Republicans held firm in the Senate to block the larger request last week, leaving Diamond and other Democrats with no choice but to find a compromise. Maine's bond proposals must have the support of two-thirds of the members in the House and Senate in order to be sent out to the voters.
Diamond said that the goal of job creation was never in dispute. "Truly this compromise, some will be wanting more, and some do want more, some want less, and some want something totally different. This bond package has been and is about jobs, everyone kept that as their focus. Creating jobs is what we really want to do with this package -- that was not a partisan matter, we just simply didn't agree on numbers."
One of the Democratic state senators who really did want more was Elizabeth Schnieder of Orono.
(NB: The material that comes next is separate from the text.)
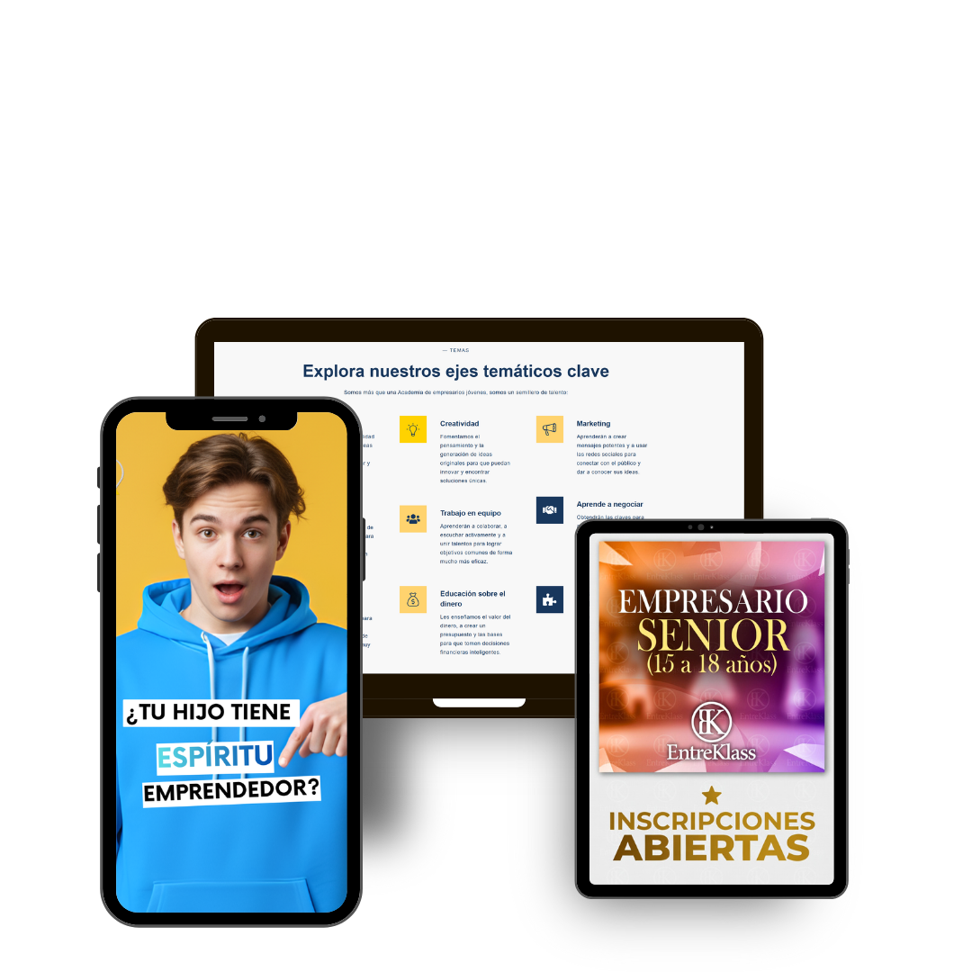 EntreKlass es una academia online de formación empresarial para niños y jóvenes de 7 a 18 años. Su enfoque educativo impulsa habilidades como liderazgo, creatividad, pensamiento crítico y resiliencia, combinando teoría con actividades prácticas y familiares. Está dirigida a padres conscientes y escuelas que buscan preparar a las nuevas generaciones con visión emprendedora. Su propósito es formar líderes con propósito capaces de transformar su entorno desde pequeños.

But she says that, unlike others in the Legislature, she was never willing to walk from the bond negotiations empty handed.
"And though even I have huge disappointment in the size of this package, because I think the fiscally-responsible thing to do would have been to have a larger bond package, I fully put my support behind this package because it is the right thing to do for the people of this state. Zero is not an option for me," Schnieder says.
In addition to providing nearly $25 million for highway improvements, the bond agreement provides $7 million in new borrowing that will be coupled with a $7 million transfer from the state's Rainy Day Fund and $3 million in contributions from northern Maine companies to allow the state to acquire the Montreal, Maine and Atlantic Railroad for $17 million.
The money-losing line, which needs about $19 million in upgrades, has been a focal point of the bond discussions and has been described as a life-line to industries in northern Aroostook County that rely on the 233 miles of track. The current owner informed the state that it would abandon the line and sell the rails for scrap if the state was not interested in purchasing it.
"This is not a mandate to go buy that rail line," says state Sen. Peter Mills, a Cornville Republican, who voted to enact the amended bond package, but warned those who would be involved with the rail negotiations to keep their eyes open.
"That if the Department of Transportation and the chief executive cannot put together a multi-part deal, or series of deals, that provide for rehabilitation of the line and good marketable connections to Canadian National in the north and the rail lines to the south, that we as a state should be prepared to walk away from it, in spite of our emotional attachments," Mill says.
The Maine House enacted the bond bill by a vote of 102-44, and the Senate followed with a 30-5 vote. The governor is expected to sign the bill later today, the expected last day of the legislative session, and raise the dollar value from the total number of bond questions on the June and November ballots to just over $123 million.